And because “there’s no substitute for in-person coat drives,” Ms. Amodio said, her charity has come up with creative ways to stage them. Last month, a school in Atlanta held a coat drive during morning drop off. Masked volunteers collected more than 400 coats through rolled-down windows.

Food banks are also experiencing surging demand. “Food insecurity in the United States is at a level that arguably we have not seen since the Great Depression,” said Katie Fitzgerald, the chief operating officer of Feeding America, a nationwide network of more than 200 food banks.

City Harvest, which distributes excess food in New York City, said that since March it had distributed more than 3.4 million pounds of food to more than 80,000 families at the nine mobile markets it operates throughout the five boroughs. That’s compared with two million pounds of food to 46,000 families over the same period last year. The markets operate every two weeks at each location.

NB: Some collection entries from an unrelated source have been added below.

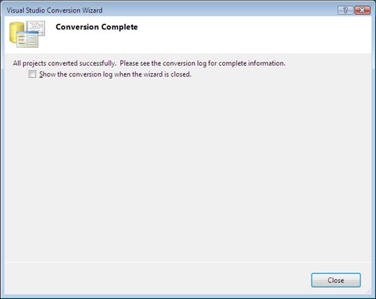 You can choose to open the conversion logs at this time or hit Close… At this point your project should be ready to be used…
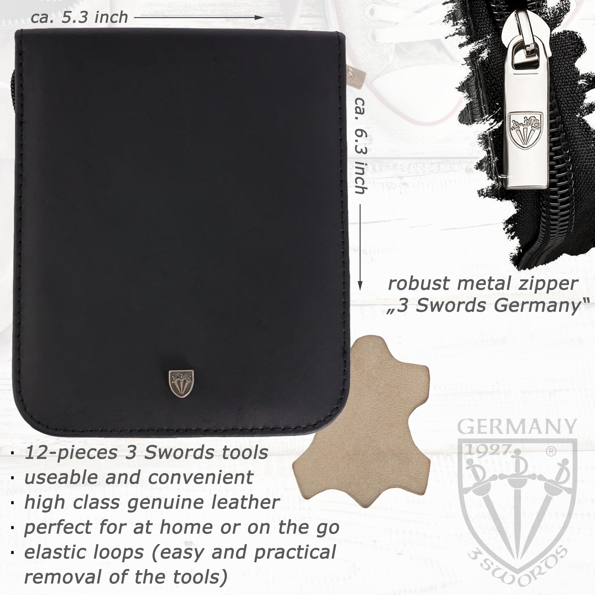 3 Swords Germany - brand quality 12 piece manicure pedicure grooming kit set for professional finger & toe nail care with black genuine leather case - Made in Germany
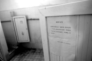 女厕所门上张贴的征友启事本组图片均由。 记者 胡健 摄
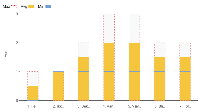 The different statements/situations are listed on the X-axis, and the values that the patients have entered are measured on the Y-axis. It is also indicated what is recorded as minimum and maximum, as well as average. By moving the mouse pointer over the different columns in the chart a small popup with the values for the current question is shown.
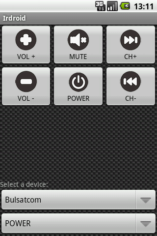 Convierte tu teléfono en el mando a distancia por infrarrojos para TV, STB o DVD, lo que permite controlar varios dispositivos de infrarrojos a distancia. Usos y necesidades de aplicación externa Irdroid Module.This no se puede utilizar sin módulo Irdroid. Usted puede comprar un módulo Irdroid ahora con Bitcoin :)
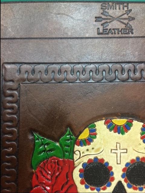 He we have a 7x7 desk valet made from 6oz vegtan. I used a meandering boarder with an acrylic painted sugar skull. I used ecoflo medium brown antique for the color. Nothing special about the construction, just four chicago screws in each corner
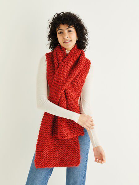 This garter stitch scarf has a push-through slot for no-fuss styling. The matching mitts are in stocking stitch with garter stitch trim, keeping this fashionable, super chunky set super simple for new knitters and super speedy for everyone else.
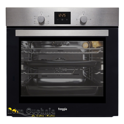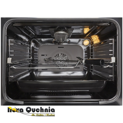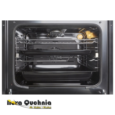 Piekarnik GAZOWY 4-funkcyjny z grillem. Grill GAZOWY. ROŻEN. Szerokość 60cm. Pojemność piekarnika 54l. Konwekcja, czyli wymuszony obieg powietrza wewnątrz piekarnika podczas pieczenia. Płaski front. Sterowanie mechaniczne z elektronicznym zegarem. Automatyczna zpalarka elektryczna. Przeciwwypływowe zabezpiecznie gazu. Wnętrze piekarnika pokryte emalią łatwą do czyszczenia. Stalowe drabinki boczne. Jednopoziomowe prowadnice teleskopowe. Oświetlenie wnętrza piekarnika LED. Tylny i boczne samoczyszczące się panele katalityczne. Podwójna szyba drzwiczek z szybą termo-refleksyjną. Zdejmowane drzwi oraz wyjmowana wewnętrzna szyba. Max. temperatura pieczenia: 270'C. Chłodzenie obudowy. Blokada rodzicielska. Wymienne dysze na gaz propan-butan. Na wyposażeniu dwie blachy do pieczenia oraz ruszt. Wykończenie w kolorze Inox. Linia estetyczna: Moderno.
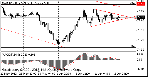 Более вероятным является прорыв верхней границы треугольника, которая ограничивает рост пары в области Y77.50.
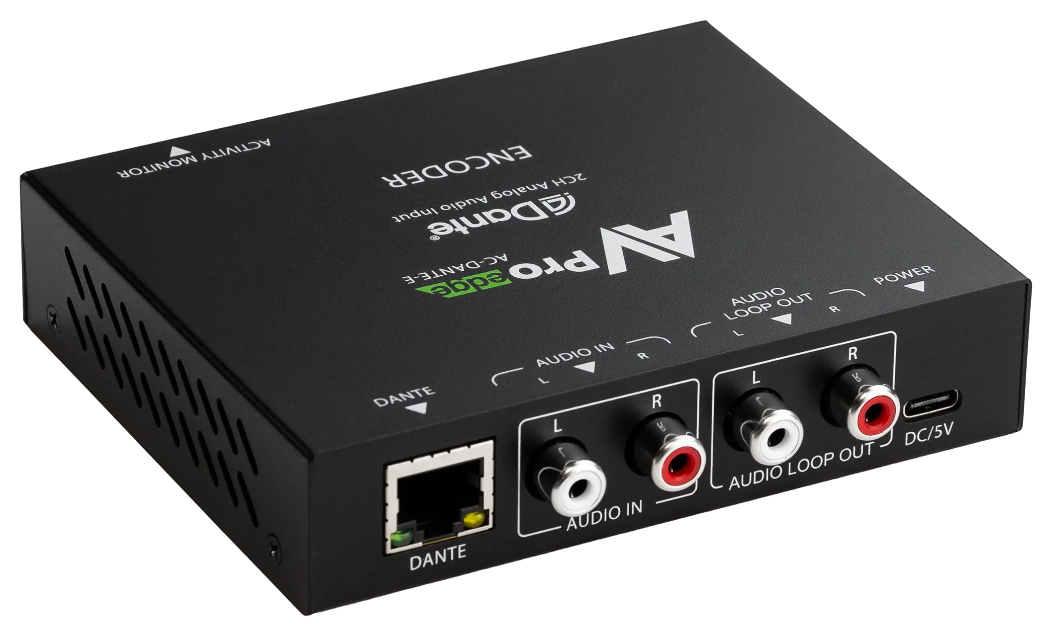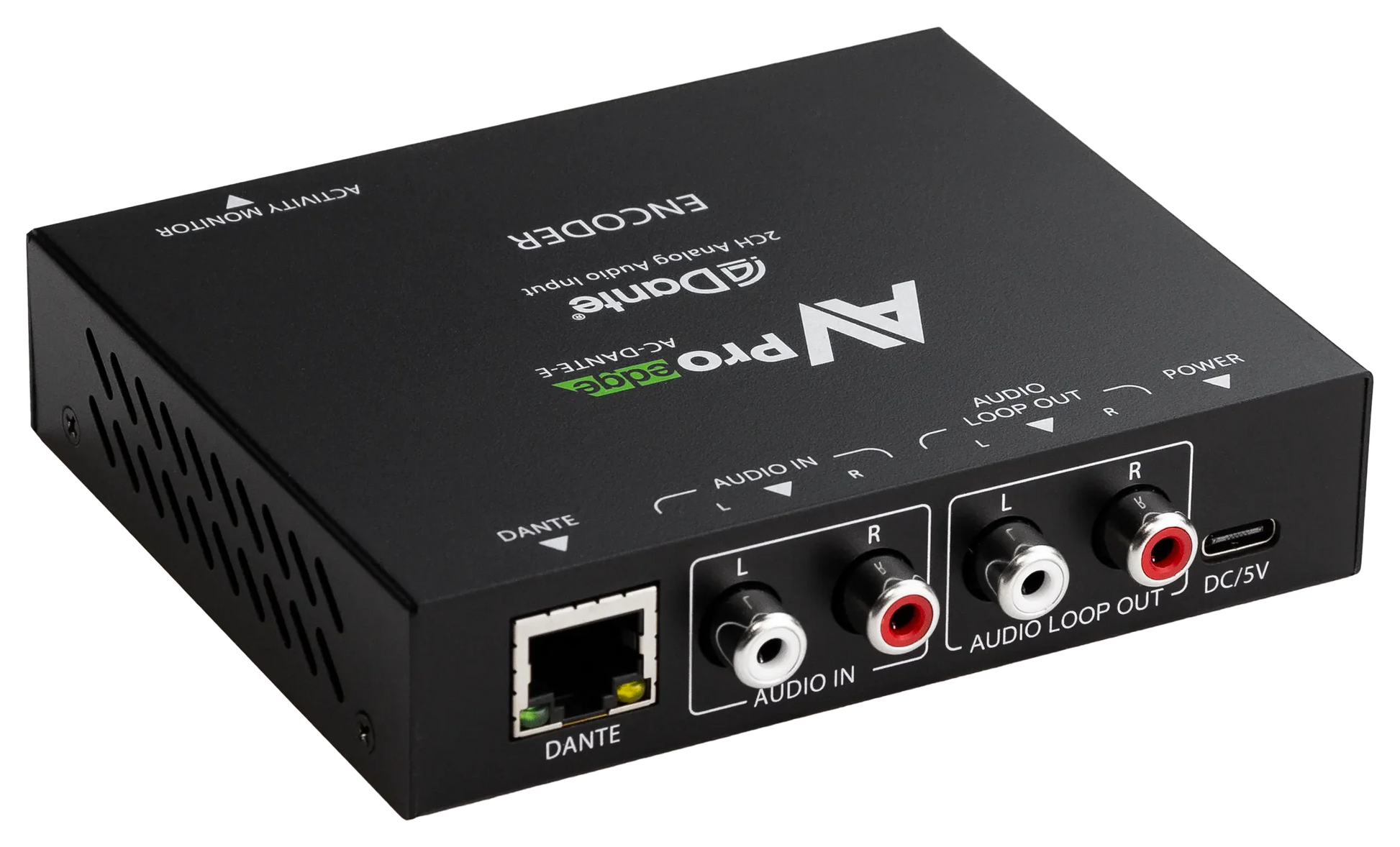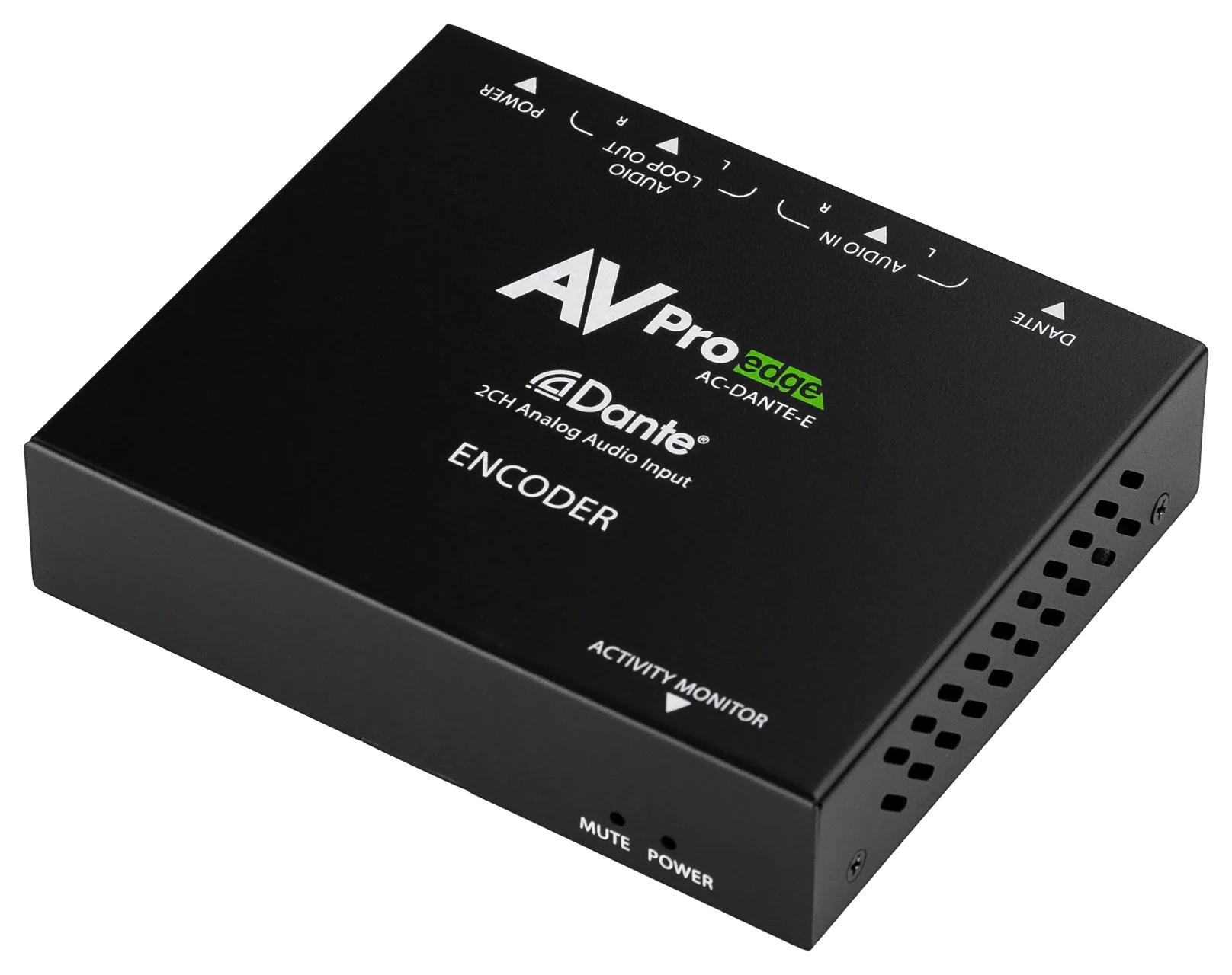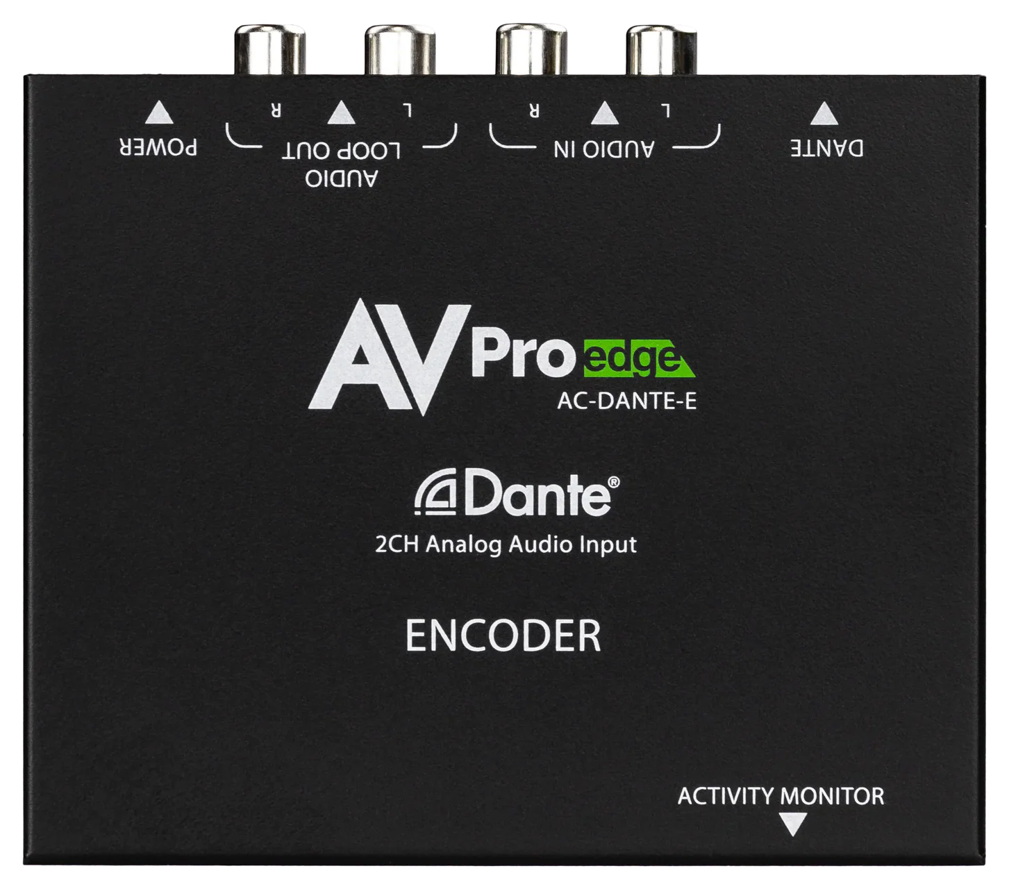 Der AVPro Edge AC-DANTE-E ist ein kompakter, zweikanaliger Analog-Stereo-zu-Dante-Encoder. Analoge Audiosignale von Quellen mit Stereo-RCA-Ausgängen, wie CD-Wechsler, Streaming-Media-Player, CATV/DBS-Set-Top-Boxen, Bandmaschinen sowie Tuner für FM/HD-Radio, Internetradio und DAB+ (verbreitet in Europa, dem Nahen Osten, Asien und Ozeanien) können vom AC-DANTE-E digital kodiert und über ein Dante-Netzwerk an andere Geräte verteilt werden. Installationen in Kirchen, Bildungseinrichtungen, Hotels/Konferenzräumen sowie Restaurants/Einzelhandel mit unterstützender Technik wie Mischpulten, SD/USB-Recordern und Computer-Audio können Dante-Geräte für hochwertige, nahezu latenzfreie Übertragung von Sprach- und Musiksignalen nutzen. Der Loop-Out des AC-DANTE-E ermöglicht eine analoge Signalweiterleitung im ursprünglichen Signalpfad.
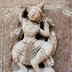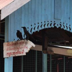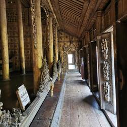 Oder das wunderschöne, aus Teakholz bestehende Kloster. Einzigartig all die Holzschnitzereien, die Türen, die Anordnung der Fenster, damit das Innere lichtdurchflutet wirkt. Ich konnte mich kaum sattsehen, habe immer wieder andere Figuren, Ornamente, Verzierungen entdeckt. Ich hätte Stunden an diesem kühlen Ort verbringen können. Vom Westeingang her ist der Blick frei auf einen filigranen Buddha, jede Menge silberner, mit edlen Steinen und Spiegeln verzierten Schatullen. Einst Wohnsitz des 2 letzten Königs von Burma. Nach dessen Tod übergab der Sohn das Gebäude den Mönchen.

City Harvest has stopped its choose-your-own style of distributing food at the markets during the pandemic and instead bags and boxes food in its warehouse. And volunteers can still help out while staying socially distant.

“We literally push the box or bag across the table and the individual goes on their way,” said Ryan VanMeter, the associate director of major gifts for City Harvest. “The thing I say to people who volunteer at our mobile markets is you’re going to feel all the blessings. But, yes, we are trying to minimize the interaction.”

But most critical right now, Mr. VanMeter said, is financial donations.

A recent study by a Fidelity Charitable, the nation’s largest grantmaker, found that two in three volunteers decreased or stopped contributing their time because of the pandemic. In its own survey, VolunteerMatch found that more people currently viewed Covid-19 as a barrier to volunteering than at the beginning of the pandemic, even though “we expected it to be the opposite,” Ms. Plato said.

Part of the reason for the volunteer shortage is that many volunteers are older people — the population most at risk for the coronavirus. But there are ways to donate your time and stay safe.